[DATA EXTRACT — start]
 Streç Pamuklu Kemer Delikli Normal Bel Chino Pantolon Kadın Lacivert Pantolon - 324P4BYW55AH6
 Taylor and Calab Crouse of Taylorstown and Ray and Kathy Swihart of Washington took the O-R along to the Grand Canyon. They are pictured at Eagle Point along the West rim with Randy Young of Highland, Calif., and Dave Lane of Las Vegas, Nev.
[DATA EXTRACT — finish]
[DATA EXTRACT — start]
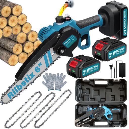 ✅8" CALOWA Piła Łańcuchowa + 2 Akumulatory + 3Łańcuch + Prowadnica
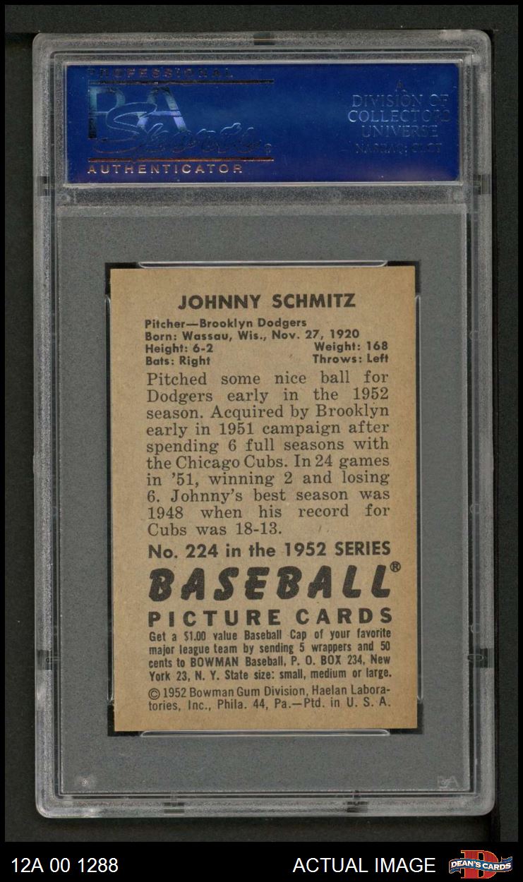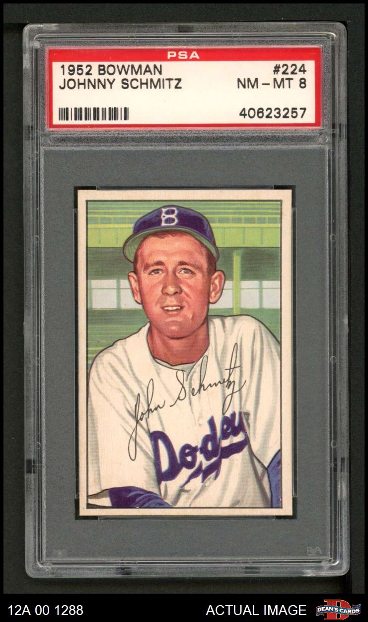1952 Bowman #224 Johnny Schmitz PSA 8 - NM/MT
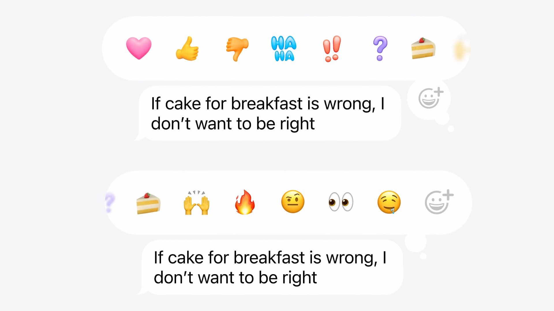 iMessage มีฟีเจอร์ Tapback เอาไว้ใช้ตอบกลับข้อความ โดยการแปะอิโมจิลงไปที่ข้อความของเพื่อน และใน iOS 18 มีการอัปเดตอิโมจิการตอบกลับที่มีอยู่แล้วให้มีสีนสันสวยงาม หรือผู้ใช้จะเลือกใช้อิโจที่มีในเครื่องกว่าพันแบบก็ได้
[DATA EXTRACT — finish]
[DATA EXTRACT — start]
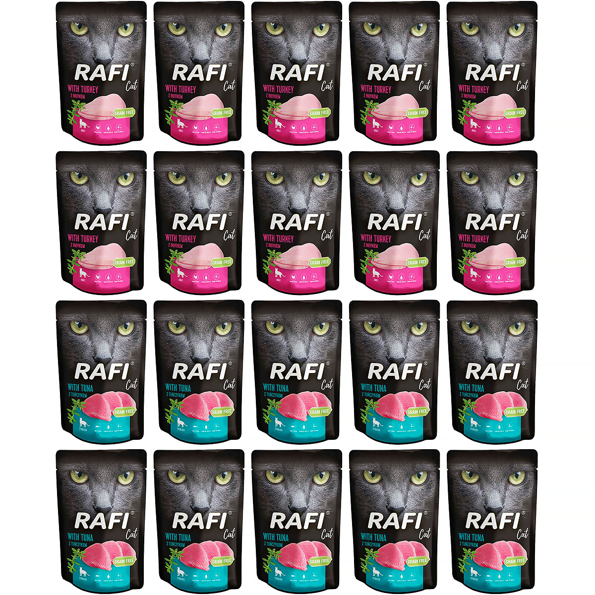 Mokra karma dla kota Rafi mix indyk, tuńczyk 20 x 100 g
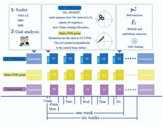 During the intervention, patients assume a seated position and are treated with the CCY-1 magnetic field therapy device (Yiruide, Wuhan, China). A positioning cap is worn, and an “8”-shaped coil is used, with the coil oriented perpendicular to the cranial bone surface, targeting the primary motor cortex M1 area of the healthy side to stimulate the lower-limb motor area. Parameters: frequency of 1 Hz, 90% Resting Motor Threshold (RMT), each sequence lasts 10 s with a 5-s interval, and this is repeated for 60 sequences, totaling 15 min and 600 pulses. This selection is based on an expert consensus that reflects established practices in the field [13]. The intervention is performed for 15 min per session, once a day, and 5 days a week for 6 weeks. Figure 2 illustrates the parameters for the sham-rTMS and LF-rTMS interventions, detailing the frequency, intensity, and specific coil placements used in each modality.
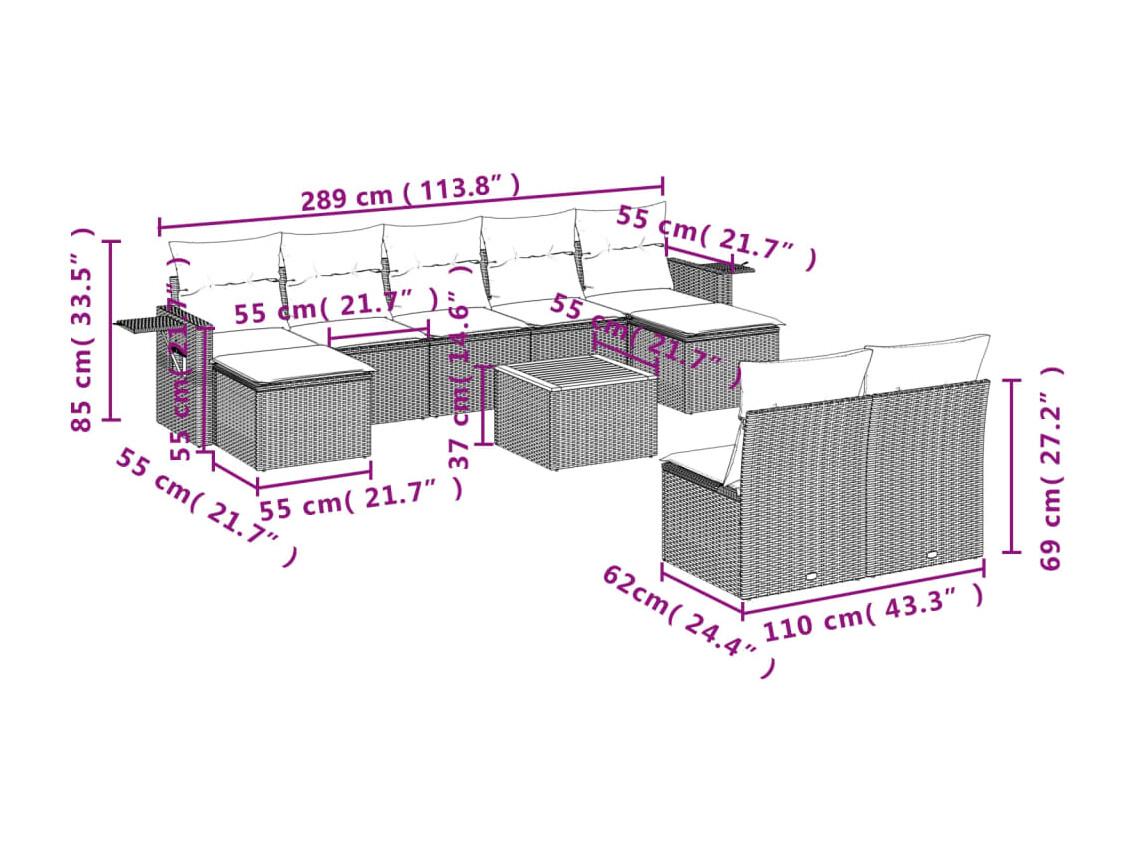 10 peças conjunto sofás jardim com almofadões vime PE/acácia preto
[DATA EXTRACT — finish]
## WORK REQUIRED
Out of the records above, return only the lines from the one with "3Łańcuch + Prowadnica" through the one with "iMessage มีฟีเจอร์ Tapback", exactly, and none of the pictures.

## RESULT BELOW
 ✅8" CALOWA Piła Łańcuchowa + 2 Akumulatory + 3Łańcuch + Prowadnica
1952 Bowman #224 Johnny Schmitz PSA 8 - NM/MT
 iMessage มีฟีเจอร์ Tapback เอาไว้ใช้ตอบกลับข้อความ โดยการแปะอิโมจิลงไปที่ข้อความของเพื่อน และใน iOS 18 มีการอัปเดตอิโมจิการตอบกลับที่มีอยู่แล้วให้มีสีนสันสวยงาม หรือผู้ใช้จะเลือกใช้อิโจที่มีในเครื่องกว่าพันแบบก็ได้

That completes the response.